Accelerating IoT Device Development through NPI and Firmware Milestones

The Internet of Things (IoT) continues to gain momentum and transform how we work and live, driven by expanded connectivity, new hardware capabilities, and innovative edge applications. Despite supply chain challenges, industry data indicates remarkable growth, with the number of connected IoT devices projected to hit 16.7B by the end of 2023. 

As IoT device developers and manufacturers look to capitalize on the IoT opportunity, they must first navigate an evolving ecosystem with increasing complexity. With the steady increase of user expectations around IoT devices, launching a device with fancy new functionality alone is not enough. Today’s customers expect seamless integrations, continuous feature enhancements, and uncompromising ongoing performance.

With advancements in connectivity and hardware capability, the IoT product lifecycle necessitates IoT companies to balance four key elements for sustainable success:

    1. Product quality: End users expect to be delighted and for devices to work well.
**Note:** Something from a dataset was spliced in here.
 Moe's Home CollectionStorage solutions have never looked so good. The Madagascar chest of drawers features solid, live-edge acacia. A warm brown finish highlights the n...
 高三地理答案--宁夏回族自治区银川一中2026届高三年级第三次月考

Products have to be built for long-term viability and reliability.
    2. Time-to-market: Given stiff competition, development teams are under incredible pressure to launch products quickly.
    3. Cultivating customers: Companies must build and nurture a loyal customer base at a time when users are increasingly intolerant of design flaws and performance issues—and increasingly vocal about their discontent.
    4. Security: Low-capability hardware introduces security risks amidst an industry with few strict regulations and requirements.
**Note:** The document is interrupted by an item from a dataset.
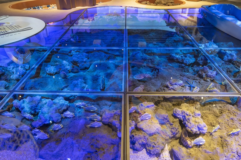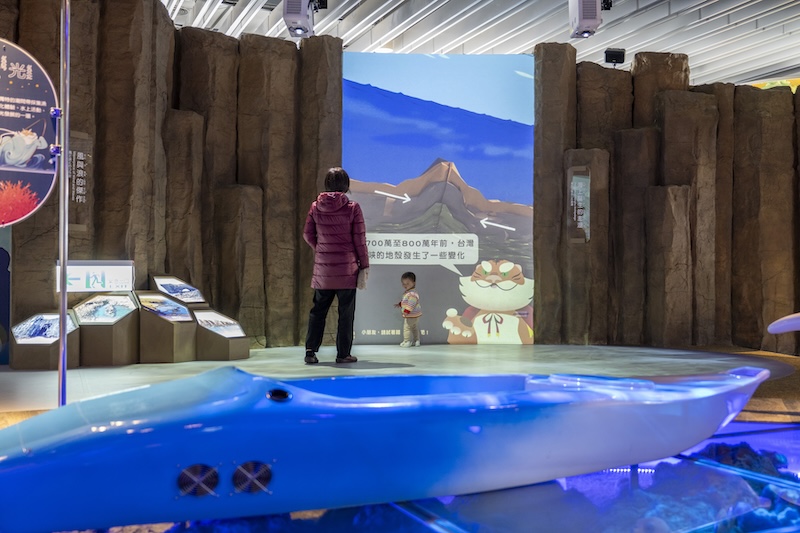 值得關注的是,展覽也重視永續發展議題,包含垃圾污染及海洋保育行動。展區中以廢棄瓶罐與漁網覆蓋魚群,模擬海洋污染的場景,促使觀眾進一步反思海洋廢物所造成的生態影響。此單元勾勒出未來世代所面臨的挑戰:共同守護家園的省思,生長在這塊土地的每個人,都肩負守護環境的重要責任。
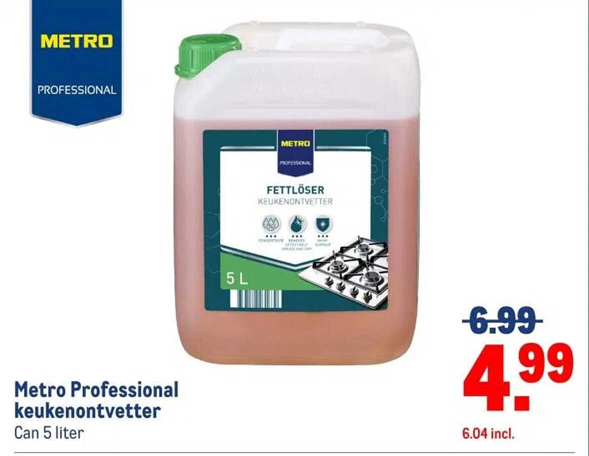 Maak kennis met de Metro Professional keukenontvetter, de ideale oplossing voor een brandschone keuken. Deze krachtige ontvetter is speciaal ontwikkeld voor professioneel gebruik en zorgt ervoor dat vet en vuil geen schijn van kans maken. Deze aanbieding is perfect voor zowel thuisgebruik als voor in de horeca, en is nu tijdelijk verkrijgbaar tegen een scherpe prijs!

In this blog, we’ll offer an approach to the IoT product lifecycle with best practices and strategies to help you build, ship, and manage connected devices at scale. 
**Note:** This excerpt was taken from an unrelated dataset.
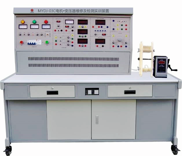 電機(jī).變壓器維修(xiū)及檢測實驗台是進行單相變壓器、單相電容運轉異步(bù)電動機和三相鼠籠異步電動機的拆除、重繞、組裝、維修(xiū)和電機(jī)出廠檢測的技能實訓平台,可對學生在電機拆除、重繞(rào)、組裝及檢修方(fāng)麵進(jìn)行(háng)技能訓練(liàn)。適用於機電一體化、自動化及相(xiàng)關電氣專業的《電機製造工藝(yì)》《電(diàn)機維(wéi)修》《電機測試》等課程,結(jié)合機械工業出版(bǎn)社和中國勞(láo)動保障部《國家職業標準—維修(xiū)電工》《職業技能鑒(jiàn)定培訓教材—維修電(diàn)工》等相關內容,同時可作為初級、中級、高級維(wéi)修電工的等級考核與鑒定的設備(bèi)。
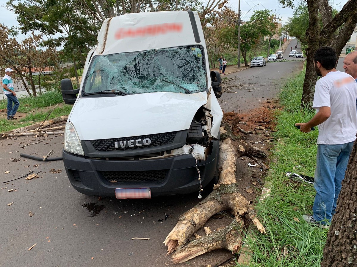 Um furgão de uma transportadora rodoviária foi atingido por fragmentos de uma árvore do canteiro central na Avenida Paulo Marcondes na tarde desta sexta-feira (14), no Jardim Barcelona, em Presidente Prudente (SP). A frente do veículo foi danificada.

Pursuing a New Product Introduction (NPI) Approach

Device developers know well the issues in launching a product on time. Nearly half of products miss their launch date. Electrical engineering, mechanical engineering, manufacturing, marketing, test automation—all of these are difficult to manage singularly and become exponentially more challenging when considering that each process has a discrete timeline. 

By focusing on firmware practices while pursuing a new product introduction (NPI) timeline, teams can streamline development and meet their launch goals. First formulated by Apple engineers, the NPI timeline offers six milestones for hardware development teams, and those using it can expect a timeframe from prototype to launch of roughly 12-18 months. Using this model and simultaneously adopting some firmware best practices can help you get your IoT device shipped on time.

NPI Milestones for Hardware Development

Below are the six key milestones for hardware development and general time estimations for each. This cursory introduction establishes a solid framework for merging firmware milestones for accelerated, robust IoT device development. 

NPI Timeline

 

Components of a robust test plan should:

  • Milestone 1 (Proto Phase, 12 weeks): During this—the longest—phase, engineers focus on defining the product, iterating through prototypes, and reaching a functional product architecture.
  • Milestones 2, 3, and 4 (8 weeks each): These three milestones, Engineering Validation Testing (EVT), Design Validation Testing (DVT), and Production Validation Testing (PVT), follow sequentially, each lasting about 8 weeks. They include build time and intervals for data analysis, design iteration, and issue resolution.
    • Milestone 2 (EVT, 8 weeks): EVT finalizes engineering designs, setting the stage for an on-time launch. While not cosmetically perfect, EVT devices resemble the final product and have configurations to derisk major subsystems. Firmware reaches "HW test complete," allowing users to test key functionalities.
    • Milestone 3 (Design Validation Test - DVT, 6-8 weeks): DVT focuses on one final configuration that passes all tests and manufacturing stations, and manufacturing software must be locked between EVT and DVT.
    • Milestone 4 (Production Validation Test - PVT, 6-8 weeks): PVT optimizes manufacturing for yields and speed. Units produced during PVT are "revenue-able" and may be sold, requiring complete launch firmware.
  • Milestone 5 (Ramp, 4+ weeks): After EVT/DVT/PVT, teams enter the ramp phase to manufacture enough products for launch, often with a brief pause for final adjustments. Inventory accumulates as production runs 24/7, and devices are shipped to resellers.
  • Milestone 6 (Launch): The product is shipped and available for purchase.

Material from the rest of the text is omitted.